Short Communication |
Corresponding author: James B. Whitfield ( jwhitfie@life.illinois.edu ) Academic editor: Gavin Broad
© 2019 Christopher C. Grinter, James B. Whitfield.
This is an open access article distributed under the terms of the Creative Commons Attribution License (CC BY 4.0), which permits unrestricted use, distribution, and reproduction in any medium, provided the original author and source are credited.
Citation:
Grinter CC, Whitfield JB (2019) Validation of Distatrix pandora Grinter, 2009 (Hymenoptera: Braconidae, Microgastrinae). Journal of Hymenoptera Research 68: 17-18. https://doi.org/10.3897/jhr.68.33598
|
Distatrix pandora Grinter, sp. n.
Distratrix pandora Grinter, 2009 (
Unavailable name.
Material examined. Holotype female: PANAMA: Barro Colorado Island. 9°09'N, 90°51'W, artificial island made up of 15 km2 of lowland moist forest located in the Panama Canal (Gatun Lake), 2003. Holotype deposited in MIUP (Museo de Invertebrados Graham Bell Fairchild, Universidad de Panamá). Paratypes: 9 females, 10 males, similar data except emergence and pupation dates. 9 females, 10 males, similar data except 2004. 1 female, similar data except 11 June 2001. 1 male, 1 female, similar data except 22 July 2003. 3 females, 3 males, similar data except 23 July 2003. 1 female, similar data except 25 June 2005. (MIUP, INHS and CAS collections). 3 females, 7 males: COSTA RICA: Heredia Prov., La Selva Biological Reserve, located at 100m on the Caribbean slope, 10°26'N 83°59'W (Hartshorn and Hammel 1994, http://www.ots.duke.edu/en/laselva/intro.shtml). 1 male, ECUADOR: Napo Prov., Yanayacu Biol. Station 80% primary forest, montane wet forest at 2100m 0°42'01.33”S, 77°44'00.00"W, 16 March 2002. 1 male, similar data except 3 June 2001.

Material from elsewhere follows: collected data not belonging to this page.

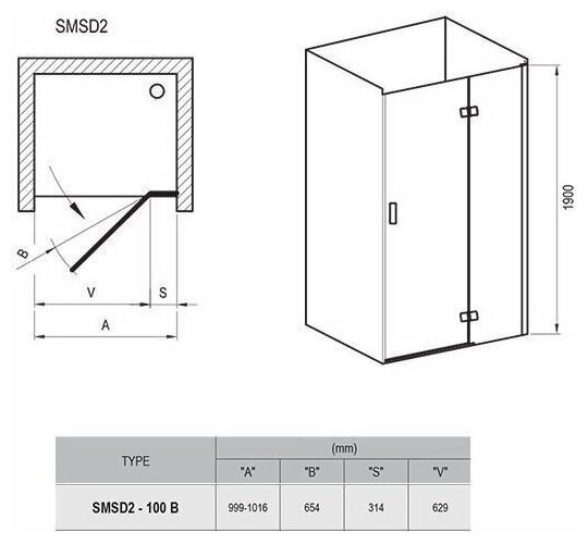 Душевая дверь Ravak SMSD2 100 B R хром + Транспарент
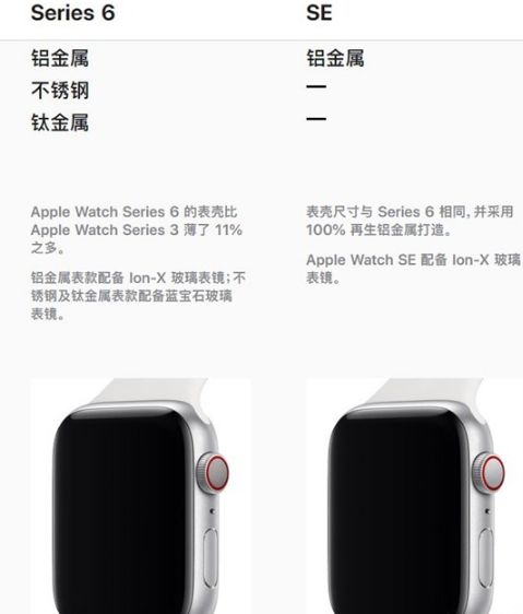 Apple Watch Series 6:采用全天候视网膜显示屏,铝金属表壳,有铝金属表款配备 Ion-X 玻璃表镜;不锈钢及钛金属表款配备蓝宝石玻璃表镜选择。而Apple Watch SE:采用视网膜显示屏,铝金属表壳,配备 Ion-X 玻璃表镜。Apple Watch Series 6显示区域一直延伸到圆角边缘,而且材质和颜色有多种选择。
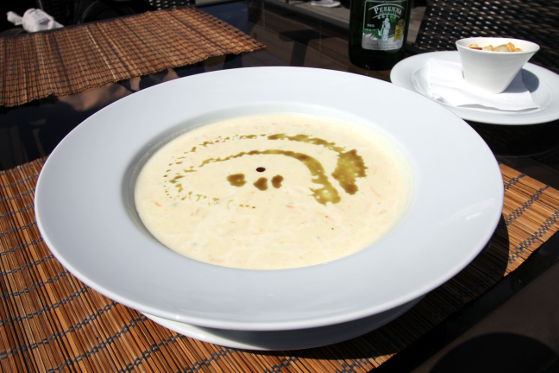 Îmi imaginam că va fi un prânz copios, însă eram pregătită pentru un asemenea festin, având în vedere că nu se întâmplă prea des. Supa a fost servită într-o farfurie largă, decorată frumos cu picături verzui de ulei de măsline. Consistență cremoasă, morcov ras fin, gust dulceag. Am mai adăugat puțină sare și piper, câteva crutoane și am început să savurez mâncarea din farfurie. Față de o supă cremă clasică de țelină, aceasta avea o consistență mai cremoasă și mai lăptoasă. Aroma de brânză era delicată, nu se simțea gustul intens, specific brânzei Roquefort, combinația fiind exact cum îmi place mie. Cantitatea a fost și ea peste așteptări, aproape nu mai simțeam nevoia să trec la felul doi.

Hosts. (Fig. 14) Single holotype female reared from Eois nympha (Geometridae) feeding on Piper cenocladum C. DC. (Piperaceae). All other host data from Costa Rica and Panama similar except locality, pupation and eclosion times. Two male specimens from Ecuador reared from an undetermined Geometridae.
Diagnosis. This species is almost identical to Distatrix teapae (Nixon), both in morphology and coloration, sharing with it and D. solanae Whitfield, D. xanadon, pitillaensis and D. belliger (Wilkinson) the enlarged eyes (females only at least in D. pandora). With D. teapae and at least D. maia (Nixon), D. formosus (Wesmael), D. loretta, xanadon, vigilis, pitillaensis (but not D. belliger), it shares a modified distal front tarsomere, which is excavated apically on the ventral side and bears a strongly curved modified spine.

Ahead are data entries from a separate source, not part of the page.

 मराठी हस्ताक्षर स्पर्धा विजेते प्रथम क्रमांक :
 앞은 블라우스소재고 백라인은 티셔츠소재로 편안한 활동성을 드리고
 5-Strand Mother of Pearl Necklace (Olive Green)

This new species differs from D. teapae in having an overall smaller body size, darker coloration. In addition, the hypopygium of the new species appears to be wider medially, more so than immediately anteriad sternum (in D. teapae the hypopygium gradually tapers towards anterior apex (Fig. 21)). The new species also is conspicuously setiferous along entire width of ventral sclera, whereas in D. teapae the setae are constricted to the ventral third of specimen.
The distances between the ocellus and eye margins, as well as the flagellomere distances are slightly larger by about half than that of D. teapae. D. pandora also shares with at least herein described species, a very large lateral metapleural pit, which appears to be reduced in D. teapae (Fig. 25). Mesopleural sternaulus is also nearly absent in D. teapae. Metasomal tergum II with median area defined by grooves diverging at an angle roughly 90°, whereas in D. teapae the angle is greater than 120° (Fig. 20).
D. pandora appears to be a specialist on Eois caterpillars, however specific level interactions are undetermined.